QRadar Advisor with Watson は、過去 6 時間にクローズされたオフェンスからデータを収集します。 オフェンス処理分析を使用してオフェンスを分析するには、標準の QRadar クローズ理由またはカスタムのクローズ理由を使用してオフェンスをクローズし、 QRadar Advisor with Watson アプリケーションによって調査する必要があります。
注: オフェンス処理分析が正確であるためには、 QRadar Advisor with Watsonを実行している環境ごとに 1 つの API キーとパスワードを使用する必要があります。
処理分析を行うために必要な数の、最近発生した同様のオフェンスがない
次のメッセージが表示されることがあります。
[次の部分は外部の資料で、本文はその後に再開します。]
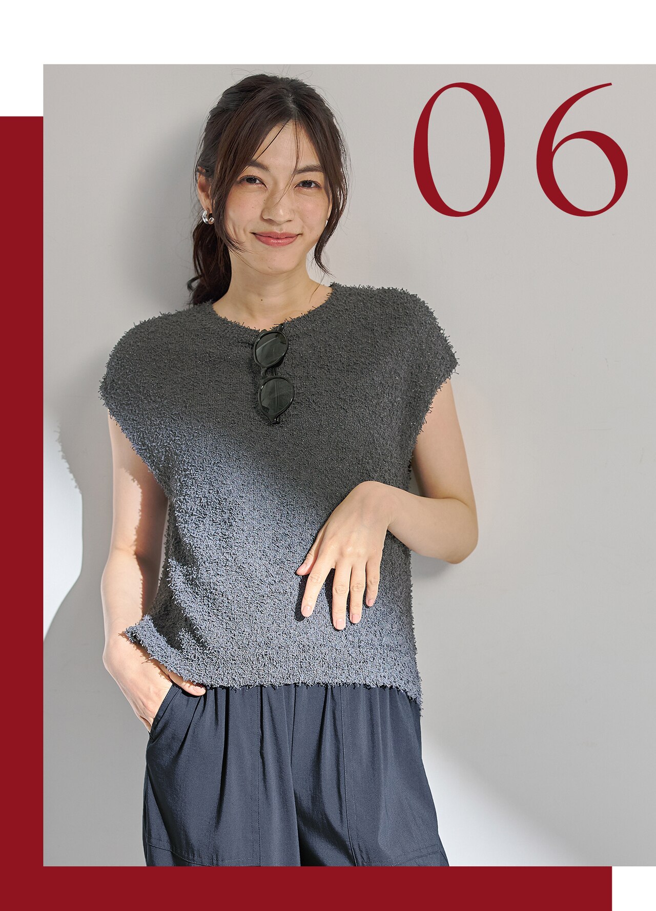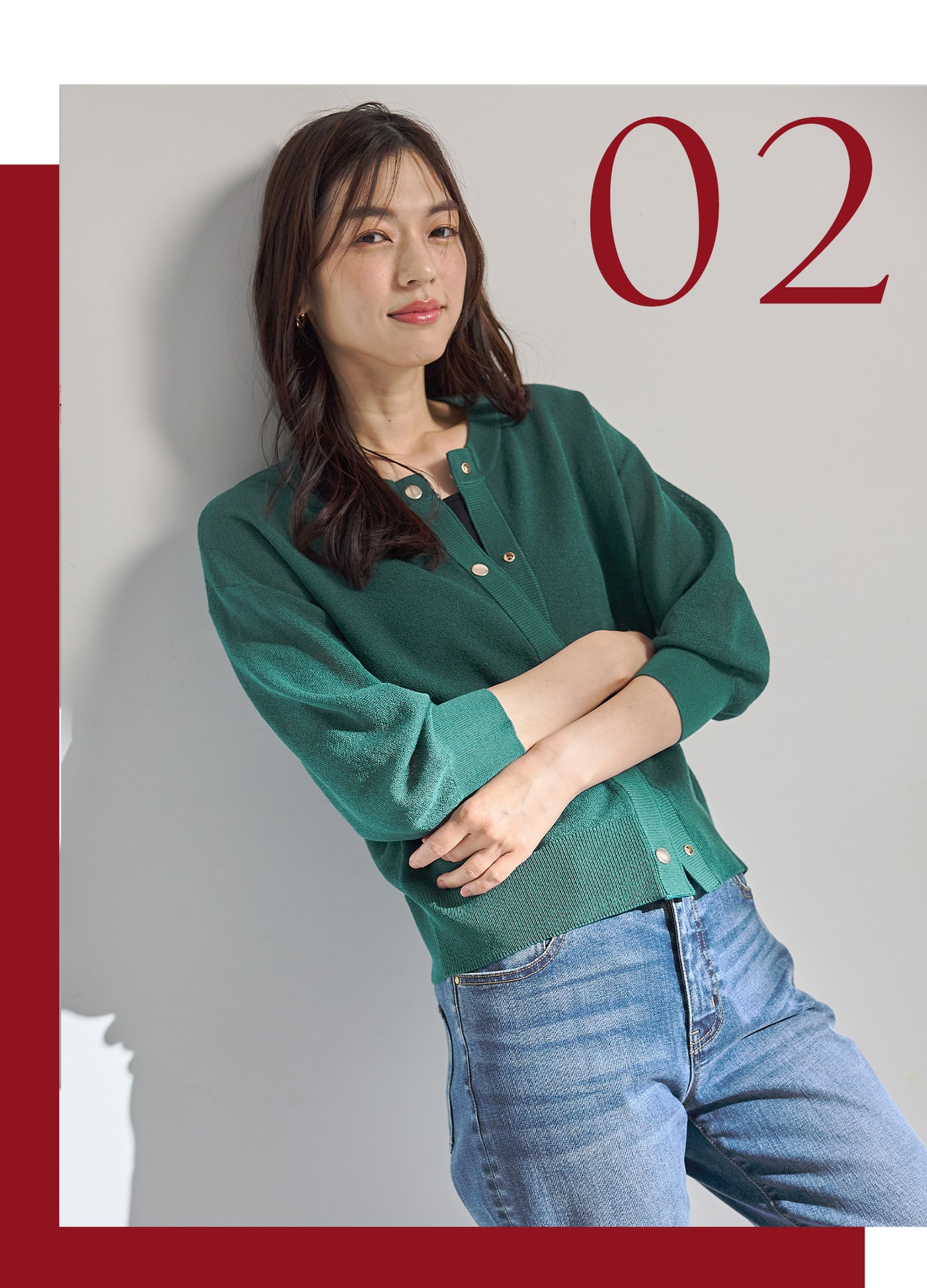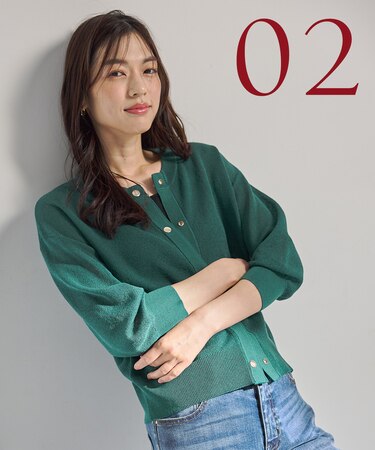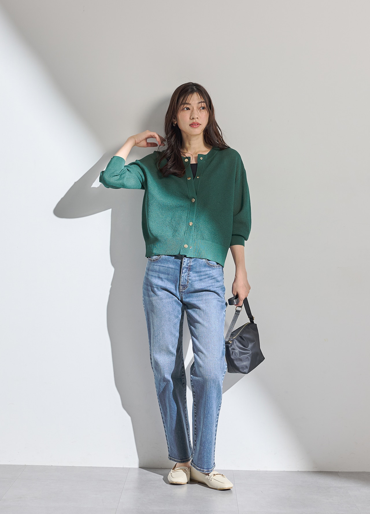 トレンド感のある今っぽシルエットとシアー素材で、涼し気な抜け感を演出!インナーにタンクトップを着て、プルオーバー風に着用するのもおすすめ。鮮やかなグリーンのカーディガンに、淡色デニムを合わせてクリーンなカジュアルスタイルの完成。

There are not enough recent similar offenses to provide a
disposition analysisこのメッセージは, ODA の問題を示すものではなく, 次の場合には正常です。
- オフェンス処理分析では、処理分析を実行する前に、 QRadar システムから十分なメタデータを収集する必要があります。 処理分析を行うには、同じオフェンスの説明を持つ、少なくとも 10 個のオフェンスからのクローズ情報が必要です。 ユーザーが確認しているオフェンスと同じ説明を持つクローズ済みのオフェンスを、アプリケーションが少なくとも 10 個認識していない場合、このメッセージが表示されます。 クローズしたオフェンスでさらにメタデータが収集されると、このメッセージは最終的に表示されなくなり、代わりに処理分析の結果が表示されるようになります。 注: 結果を更新するために、オフェンスを再調査する必要はありません。 後で調査を表示すると、十分なデータが収集されていれば、ODA 結果は自動的に更新されます。
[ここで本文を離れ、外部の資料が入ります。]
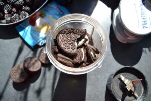 Die Oreo Kekse etwas klein brechen und die Butter kurz erwärmen z.b. in der Mikrowelle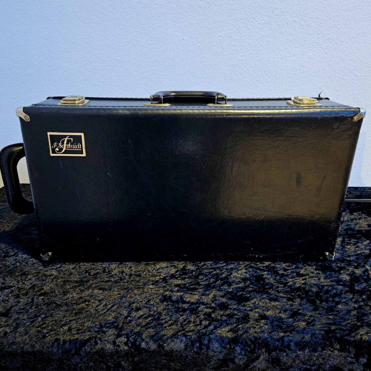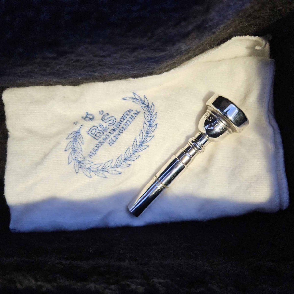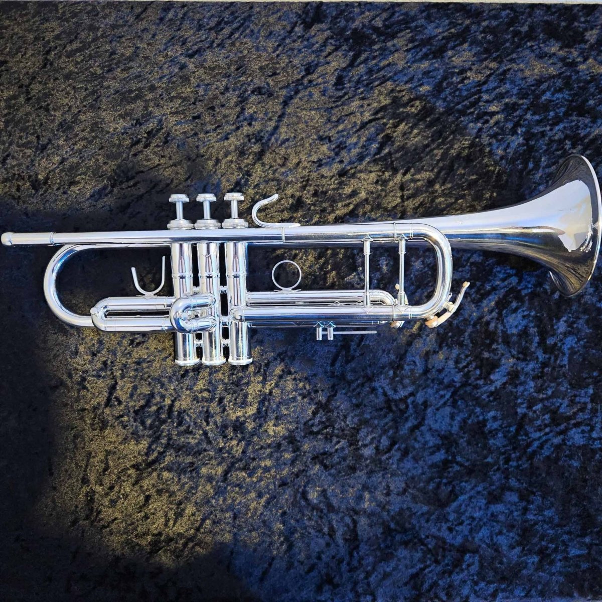 This is a professional trumpet model, sold under a local music store's brand. Made by B&S in Germany, it is comparable to the B&S Challenger 1 model, and includes the original B&S mouthpiece and polishing cloth. In nice overall condition, no signs of major damage or repairs, and the valves tested with great compression. A pro trumpet with a great tone, at a great price!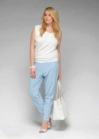 If a girl with magnificent forms decided to wear such trousers, then it is better to combine them with a voluminous top, it is better to do this with the help of a tunic.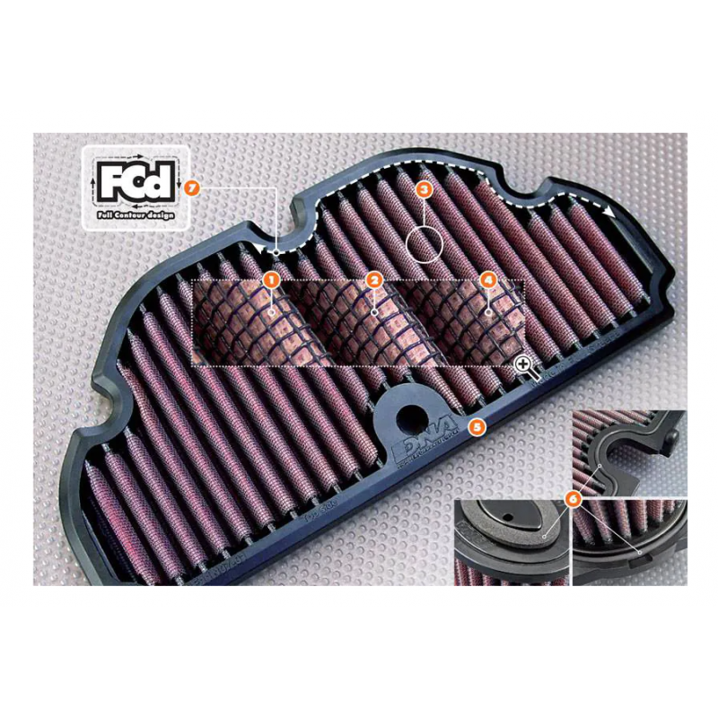 7/ FCd (Full Contour design) - най-малко 20% и до 80% повече площ на филтриране, използвайки DNA FCd технология; Уникален революционен дизайн, иновация от DNA, позволява на нагънатата филтрираща среда да следва точно контура на въздушната кутия, независимо от сложността на формата, като увеличава сериозно въздушния поток. Възползвайки се от пълнaта площ по контура на въздушната кутия, са премахнати „мъртвите точки“, които ограбват мощността. Ако площта е там, защо да не бъде ефективно използвана!

- オフェンス処理分析によって、ユーザーが確認しているオフェンスと同じ説明を持つ、10 個以上のクローズしたオフェンスに関するデータが収集されたが、それぞれのクローズ理由の数が同じであるため、オフェンス処理分析で推奨を提示できない。 例えば、同じ説明を持つオフェンスが、フォールス・ポジティブとして 5 回、エスカレートとして 5 回、ポリシー違反行為として 5 回、問題なしとして 5 回クローズされると、ODA は上位 3 つのクローズ理由の推奨を提示できず、さらにデータが収集されるまで、このメッセージが表示されます。
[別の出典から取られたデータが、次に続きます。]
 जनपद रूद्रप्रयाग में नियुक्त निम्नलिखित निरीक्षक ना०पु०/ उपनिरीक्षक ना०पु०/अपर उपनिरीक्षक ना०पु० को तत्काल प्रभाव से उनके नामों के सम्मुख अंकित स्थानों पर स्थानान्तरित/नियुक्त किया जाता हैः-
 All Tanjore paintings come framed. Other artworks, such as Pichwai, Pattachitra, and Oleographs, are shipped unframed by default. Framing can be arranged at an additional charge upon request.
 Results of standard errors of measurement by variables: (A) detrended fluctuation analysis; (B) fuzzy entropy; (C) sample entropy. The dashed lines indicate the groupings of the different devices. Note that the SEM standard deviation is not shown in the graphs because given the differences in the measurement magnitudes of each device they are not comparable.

- オフェンス処理分析は、 QRadar Advisor with Watson によってステージ 2 (Watson Enriched) またはステージ 3 (Expanded Local Context) に調査されたオフェンスに対してサポートされます。 オフェンスに対して、ステージ 1 までの自動調査 (ローカル・マイニング) しか行われていない場合、収集されているデータの量に関係なく、このメッセージが表示されます。 いつでもオフェンスを手動で再調査して、結果を表示できます。
- オフェンス処理分析は、標準またはカスタムの QRadar クローズ理由を使用して QRadar システムでオフェンスがクローズされている場合にのみサポートされます。 オフェンスが QRadar でクローズされていない場合、オフェンス処理分析でメタデータを収集できないため、すべてのオフェンスに対して常にこのメッセージが表示されます。
- QRadar Advisor with Watson 管理者は、 QRadar 「管理」タブからデータ・モデルをリセットします。 データ・モデルをリセットすると、十分なデータがもう一度収集されるまで、オフェンス処理分析でこのメッセージが表示されます。
- QRadar Advisor with Watson 管理者が、 QRadar Advisor with Watson 用に構成されている XFE 資格情報を新しい資格情報セットに変更しました。 オフェンス処理分析データは XFE API キーごとに収集されるため、XFE API 資格情報を変更すると、新しい資格情報での十分なデータが収集されるまで、このメッセージが表示される可能性があります。
- バージョン 1.X.X でオフェンスを調査した後、バージョン 2.0.0 以降にアップグレードすると、1.X.X によって調査されたオフェンスでは常にこのメッセージが表示されます。 オフェンス処理分析は、QRadar Advisor with Watson 2.0.0 以降によって調査されたオフェンスに対してのみサポートされています。
トレーニング・モデルのリセット
次の条件が当てはまる場合、オフェンス処理分析のトレーニング・モデルをリセットする必要があります。
- CRE ルールの実装や調整、新しいログ・ソースの追加などの大幅な変更を QRadar 構成に対して行った場合。 QRadar 構成に対して大幅な変更を行うと、現在のトレーニングが無効になる可能性があります。
- QRadar システムのオフェンス・クローズ理由を使用する方法を変更した。 例えば、新しいカスタムのクローズ理由を追加して現在の理由を置き換えた場合、クローズ理由を一貫性のある方法で使用していない QRadar ユーザーの存在に気付いた場合、不正確なクローズ理由によるオフェンスの一括クローズがある場合などです。
QRadar 7.3.3 以降のオフェンス処理トレーニング・モデルをリセットするには、 QRadar ナビゲーション・メニューで、 をクリックし、 「トレーニング・モデルのリセット」をクリックします。